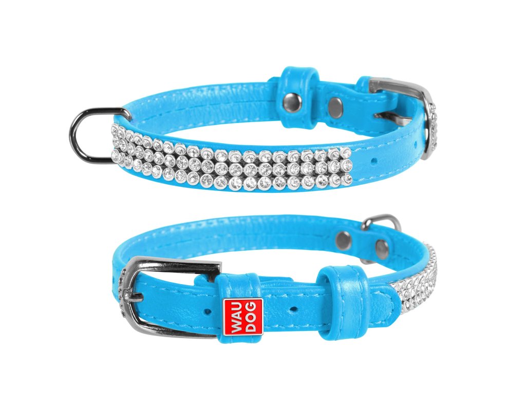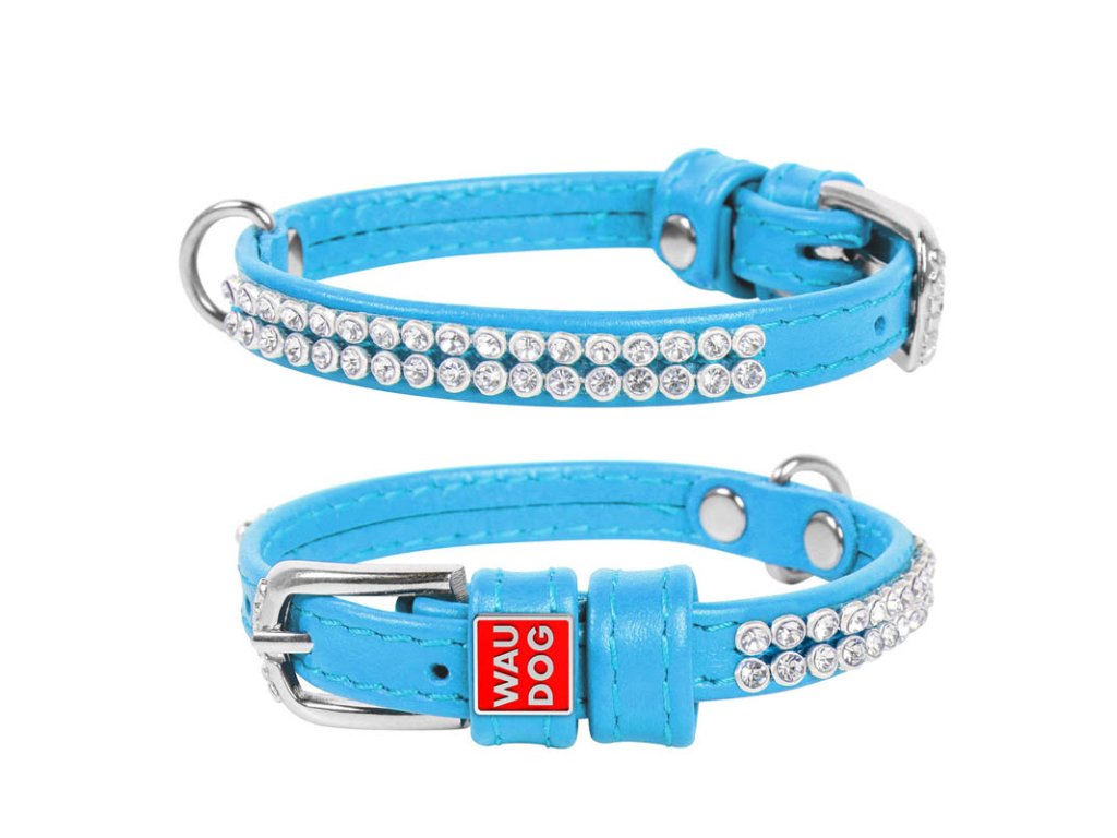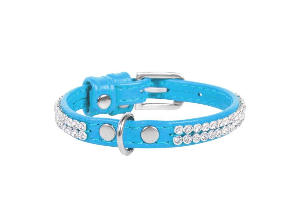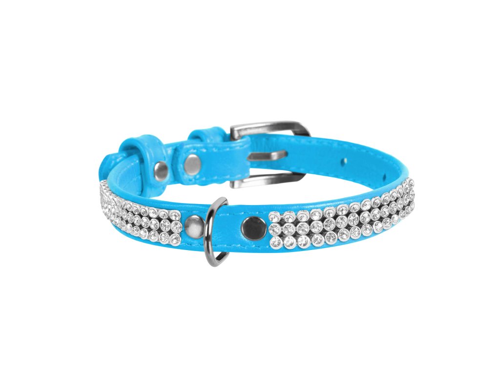 Atraktivní obojky z přírodní kůže zdobené kamínky. Tyto obojky jsou součástí naší kolekce s krystaly a stanou se stylovým doplňkem vašeho domácího mazlíčka. Jsou vyrobeny z vysoce kvalitní dvouvrstvé měkké, ale odolné kůže a jsou vhodné pro psy s citlivou kůží. Tyto modré ručně šité obojky se vyrábějí ve 3 velikostech a bude vyhovovat všem psům od štěňat až po velká plemena. Jsou lehké, měkké, odolné, silné a pohodlné. Počet řádků krystalů závisí na velikosti obojku.
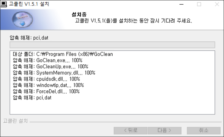 ▼고클린 설치가 진행됩니다. 5분 내로 설치가 완료됩니다.
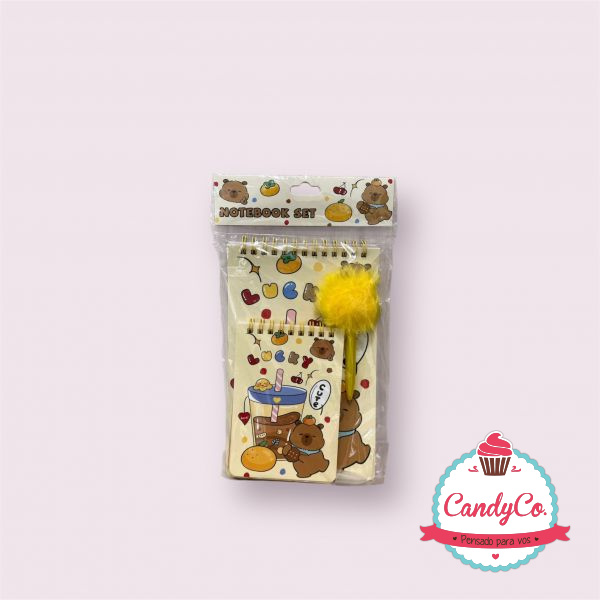 Set de Libretas Anilladas Estampadas Chica y Grande Diseño de Carpincho, Capybara, Capibara, Huella, Pata de Gato X2 y Mini Lapicera con Pompón
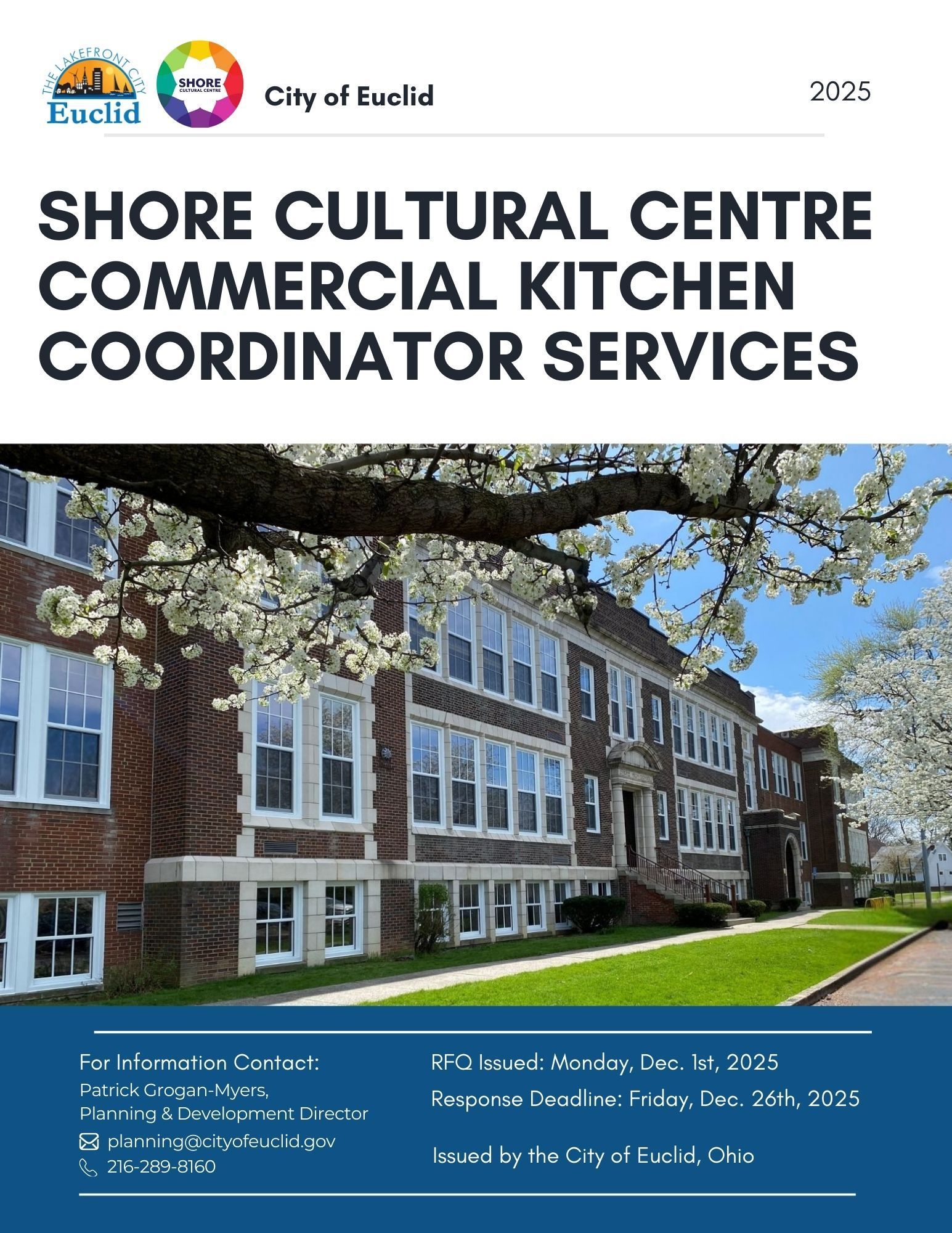 The Planning and Development Department of the City of Euclid invites submissions for the selection of a Kitchen Coordinator/Operator for the Commercial Kitchen at the Shore Cultural Centre. The Kitchen Coordinator/Operator will be responsible for the management and day-to-day operations of the Commercial Kitchen; details of the responsibilities are defined in the complete RFQ document.
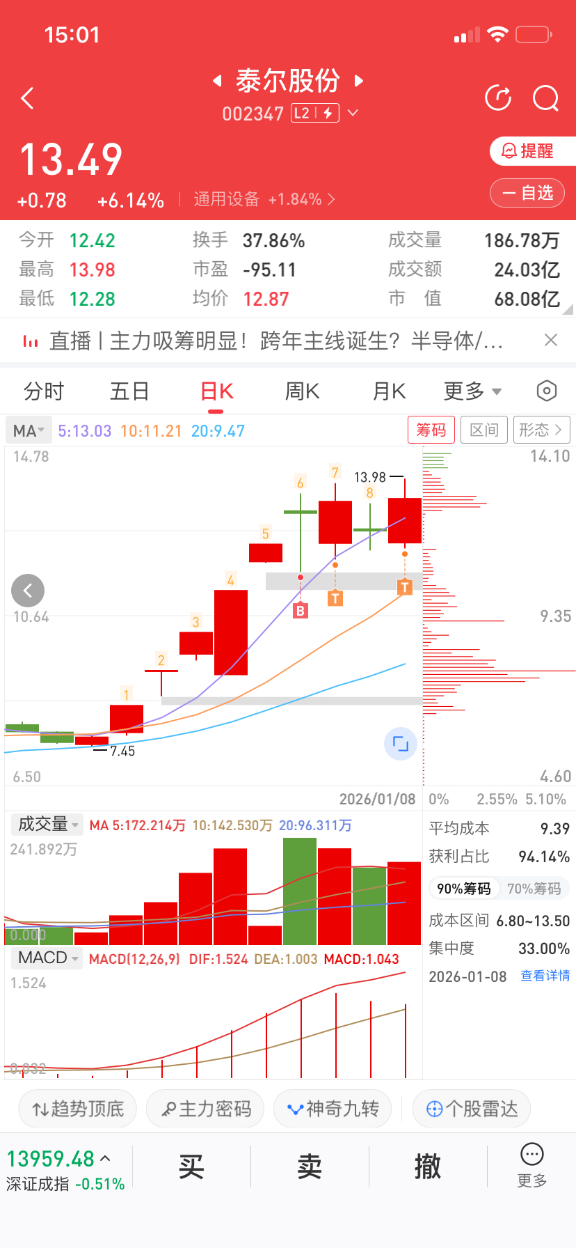 $泰尔股份(SZ002347)$ 对不起啊,我一个小股东不会是我做T的缘故让你疯癫吧
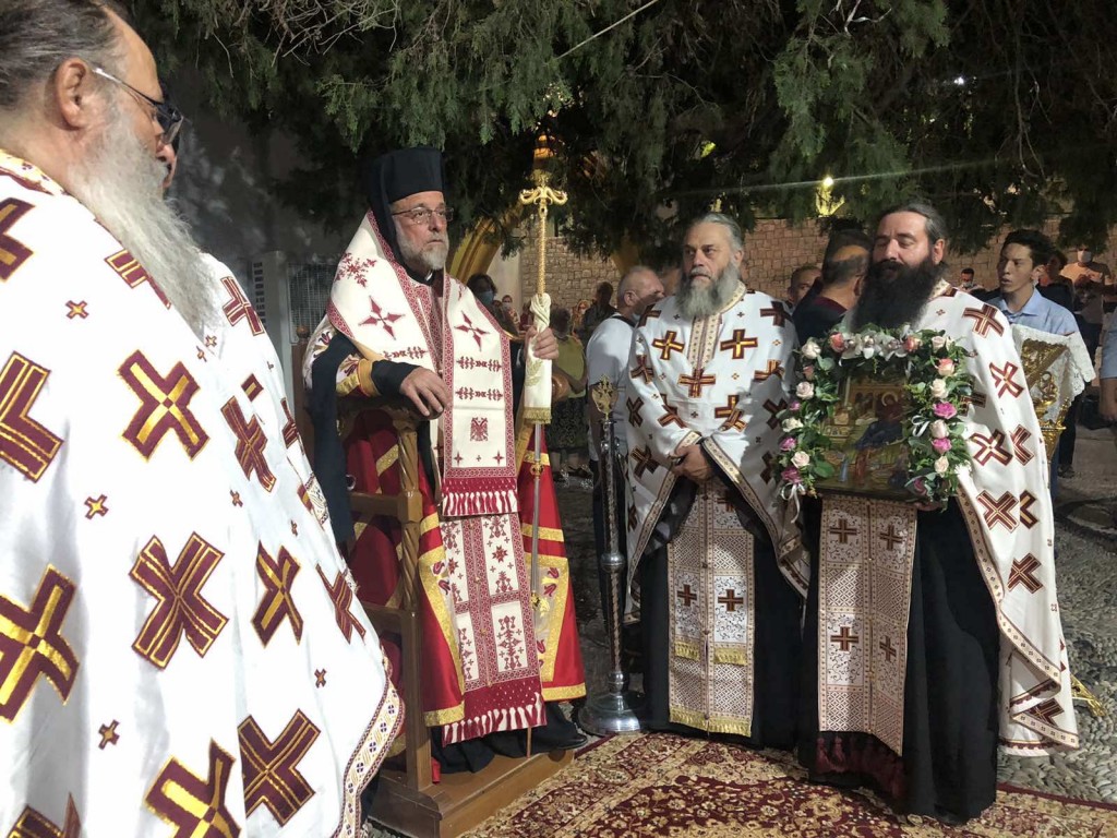 Ο Θεοφιλέστατος Επίσκοπος Ολύμπου κ. Κύριλλος χοροστάτησε του πανηγυρικού Εσπερινού στην ιερά Μονή Σκιαδίου, χοροστάτησε δε του Όρθρου και προέστη της Θείας Λειτουργίας στην ιερά Μονή Παναγίας Τσαμπίκας.
==============================
Leave every picture out and print exactly the lines from the one that contains "내로 설치가 완료됩니다." through the last line of the material above.

TASK SOLUTION:
 ▼고클린 설치가 진행됩니다. 5분 내로 설치가 완료됩니다.
 Set de Libretas Anilladas Estampadas Chica y Grande Diseño de Carpincho, Capybara, Capibara, Huella, Pata de Gato X2 y Mini Lapicera con Pompón
 The Planning and Development Department of the City of Euclid invites submissions for the selection of a Kitchen Coordinator/Operator for the Commercial Kitchen at the Shore Cultural Centre. The Kitchen Coordinator/Operator will be responsible for the management and day-to-day operations of the Commercial Kitchen; details of the responsibilities are defined in the complete RFQ document.
 $泰尔股份(SZ002347)$ 对不起啊,我一个小股东不会是我做T的缘故让你疯癫吧
 Ο Θεοφιλέστατος Επίσκοπος Ολύμπου κ. Κύριλλος χοροστάτησε του πανηγυρικού Εσπερινού στην ιερά Μονή Σκιαδίου, χοροστάτησε δε του Όρθρου και προέστη της Θείας Λειτουργίας στην ιερά Μονή Παναγίας Τσαμπίκας.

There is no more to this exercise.